Beginning with the line below that contains "沙赫米:送孩子读华校 土著家长对华教有信心 WhatsApp" and ending with the line that contains "Thirty members of", retype every line exactly. Pictures are not copied.

[Data supplied]

________________________

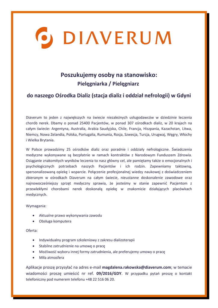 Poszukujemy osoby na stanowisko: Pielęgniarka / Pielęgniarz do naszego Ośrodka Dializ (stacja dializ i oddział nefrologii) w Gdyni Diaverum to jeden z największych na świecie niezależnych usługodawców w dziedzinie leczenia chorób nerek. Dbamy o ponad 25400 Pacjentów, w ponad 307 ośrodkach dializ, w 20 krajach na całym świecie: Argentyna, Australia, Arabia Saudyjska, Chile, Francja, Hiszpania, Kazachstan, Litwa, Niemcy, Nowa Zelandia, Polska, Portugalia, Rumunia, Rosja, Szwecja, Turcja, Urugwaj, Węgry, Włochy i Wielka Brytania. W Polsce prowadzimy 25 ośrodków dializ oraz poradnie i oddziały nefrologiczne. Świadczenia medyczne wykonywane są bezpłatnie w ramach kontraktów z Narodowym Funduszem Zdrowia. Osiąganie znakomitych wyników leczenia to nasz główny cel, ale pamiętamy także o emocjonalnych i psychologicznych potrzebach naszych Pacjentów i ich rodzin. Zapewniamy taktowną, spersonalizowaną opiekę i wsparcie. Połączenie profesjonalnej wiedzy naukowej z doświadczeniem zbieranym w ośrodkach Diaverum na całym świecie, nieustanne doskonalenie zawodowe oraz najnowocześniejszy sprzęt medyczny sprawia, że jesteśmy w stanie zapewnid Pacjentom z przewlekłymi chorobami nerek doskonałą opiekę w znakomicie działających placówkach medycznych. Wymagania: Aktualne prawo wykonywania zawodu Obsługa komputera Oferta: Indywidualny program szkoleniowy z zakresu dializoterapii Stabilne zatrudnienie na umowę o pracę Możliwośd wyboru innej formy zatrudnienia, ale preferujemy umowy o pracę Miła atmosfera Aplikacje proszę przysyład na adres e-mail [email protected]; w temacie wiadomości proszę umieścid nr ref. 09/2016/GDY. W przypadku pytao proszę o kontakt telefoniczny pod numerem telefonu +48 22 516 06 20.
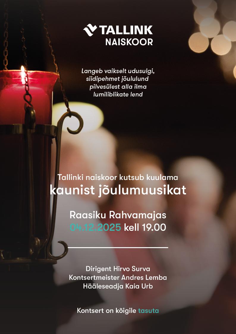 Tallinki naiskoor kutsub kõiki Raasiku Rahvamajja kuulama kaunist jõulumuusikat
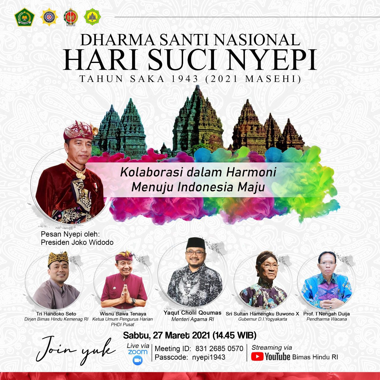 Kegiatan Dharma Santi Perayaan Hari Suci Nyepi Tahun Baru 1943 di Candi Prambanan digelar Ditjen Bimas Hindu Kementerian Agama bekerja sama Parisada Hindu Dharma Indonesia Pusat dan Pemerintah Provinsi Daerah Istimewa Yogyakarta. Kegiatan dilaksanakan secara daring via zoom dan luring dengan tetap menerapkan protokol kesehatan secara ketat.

________________________

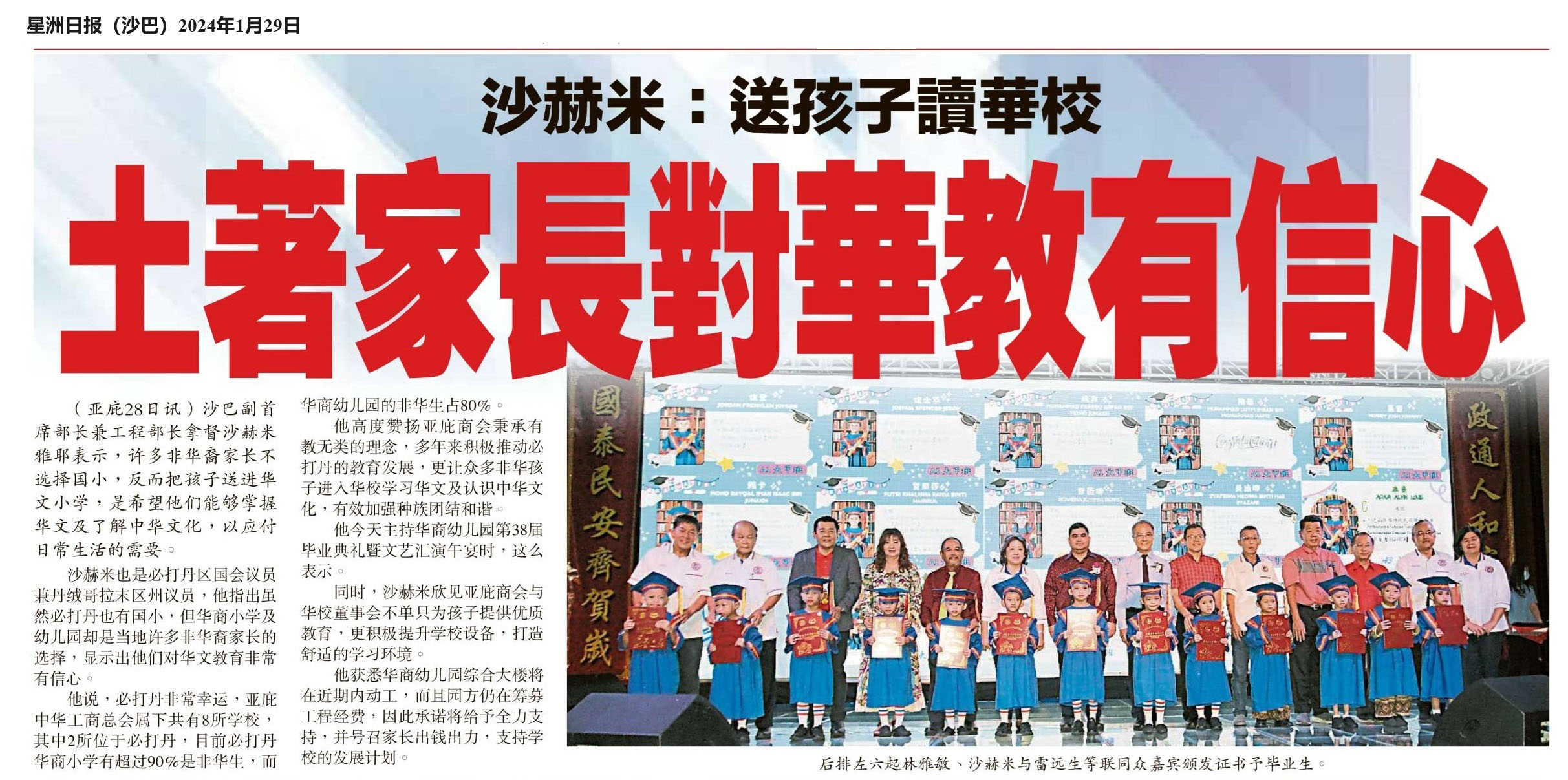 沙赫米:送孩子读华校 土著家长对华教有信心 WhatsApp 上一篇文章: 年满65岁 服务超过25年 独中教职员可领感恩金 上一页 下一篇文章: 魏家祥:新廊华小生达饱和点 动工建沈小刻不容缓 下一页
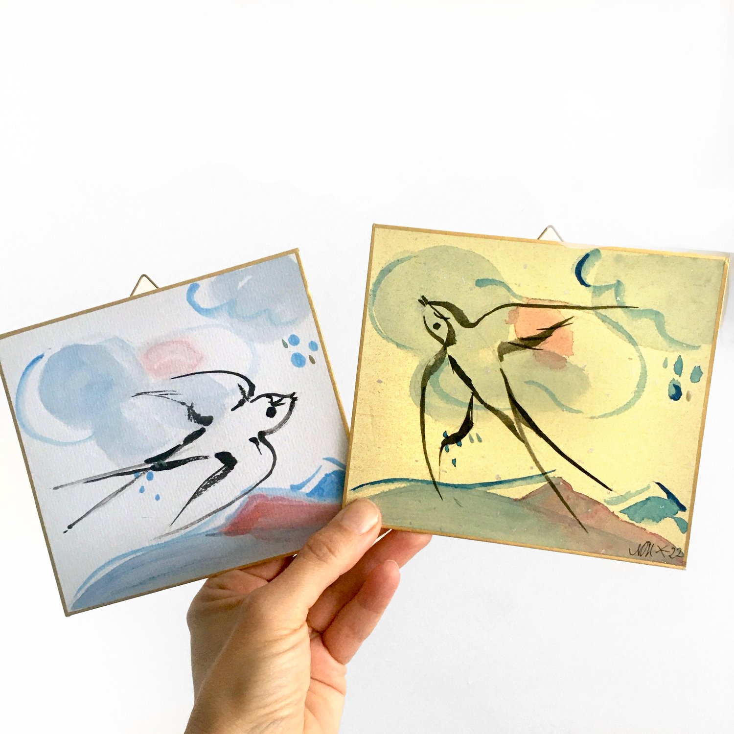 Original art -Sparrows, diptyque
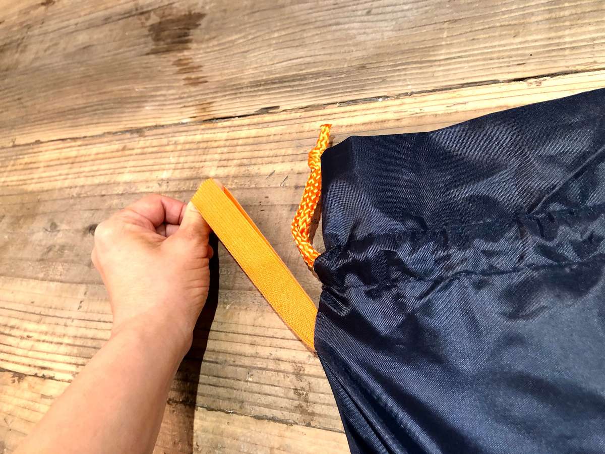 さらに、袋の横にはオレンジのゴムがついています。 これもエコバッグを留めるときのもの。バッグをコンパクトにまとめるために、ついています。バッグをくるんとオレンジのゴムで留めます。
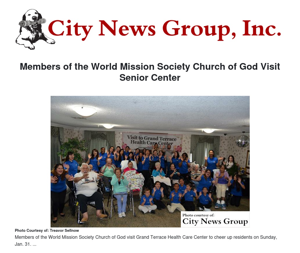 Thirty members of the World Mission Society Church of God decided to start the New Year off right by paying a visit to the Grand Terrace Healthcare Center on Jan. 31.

________________________

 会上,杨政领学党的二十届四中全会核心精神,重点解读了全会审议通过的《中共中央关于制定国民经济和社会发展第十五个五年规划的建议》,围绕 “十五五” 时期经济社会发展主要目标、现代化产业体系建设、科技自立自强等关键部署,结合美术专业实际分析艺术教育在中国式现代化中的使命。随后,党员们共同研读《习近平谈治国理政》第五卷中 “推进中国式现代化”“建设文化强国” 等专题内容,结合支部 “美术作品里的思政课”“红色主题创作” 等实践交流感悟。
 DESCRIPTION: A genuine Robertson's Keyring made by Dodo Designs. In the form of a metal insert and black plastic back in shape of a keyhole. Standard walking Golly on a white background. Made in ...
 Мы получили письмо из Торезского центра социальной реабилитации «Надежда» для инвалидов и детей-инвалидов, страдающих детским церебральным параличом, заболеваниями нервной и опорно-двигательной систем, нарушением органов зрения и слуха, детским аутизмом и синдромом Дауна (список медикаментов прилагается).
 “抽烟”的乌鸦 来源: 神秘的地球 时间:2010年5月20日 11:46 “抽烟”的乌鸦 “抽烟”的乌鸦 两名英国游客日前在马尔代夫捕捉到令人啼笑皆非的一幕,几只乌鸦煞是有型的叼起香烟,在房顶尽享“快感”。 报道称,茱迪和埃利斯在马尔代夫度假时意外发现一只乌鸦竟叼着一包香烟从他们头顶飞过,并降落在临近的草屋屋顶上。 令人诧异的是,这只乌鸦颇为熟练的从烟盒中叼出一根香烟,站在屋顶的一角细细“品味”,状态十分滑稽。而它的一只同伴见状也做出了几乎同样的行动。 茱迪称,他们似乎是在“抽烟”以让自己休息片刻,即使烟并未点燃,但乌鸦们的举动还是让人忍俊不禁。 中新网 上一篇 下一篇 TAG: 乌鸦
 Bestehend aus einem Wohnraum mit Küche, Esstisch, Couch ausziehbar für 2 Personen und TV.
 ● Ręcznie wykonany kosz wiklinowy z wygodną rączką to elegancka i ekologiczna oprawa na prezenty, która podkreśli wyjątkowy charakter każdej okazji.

________________________

[Output of the task]
 沙赫米:送孩子读华校 土著家长对华教有信心 WhatsApp 上一篇文章: 年满65岁 服务超过25年 独中教职员可领感恩金 上一页 下一篇文章: 魏家祥:新廊华小生达饱和点 动工建沈小刻不容缓 下一页
 Original art -Sparrows, diptyque
 さらに、袋の横にはオレンジのゴムがついています。 これもエコバッグを留めるときのもの。バッグをコンパクトにまとめるために、ついています。バッグをくるんとオレンジのゴムで留めます。
 Thirty members of the World Mission Society Church of God decided to start the New Year off right by paying a visit to the Grand Terrace Healthcare Center on Jan. 31.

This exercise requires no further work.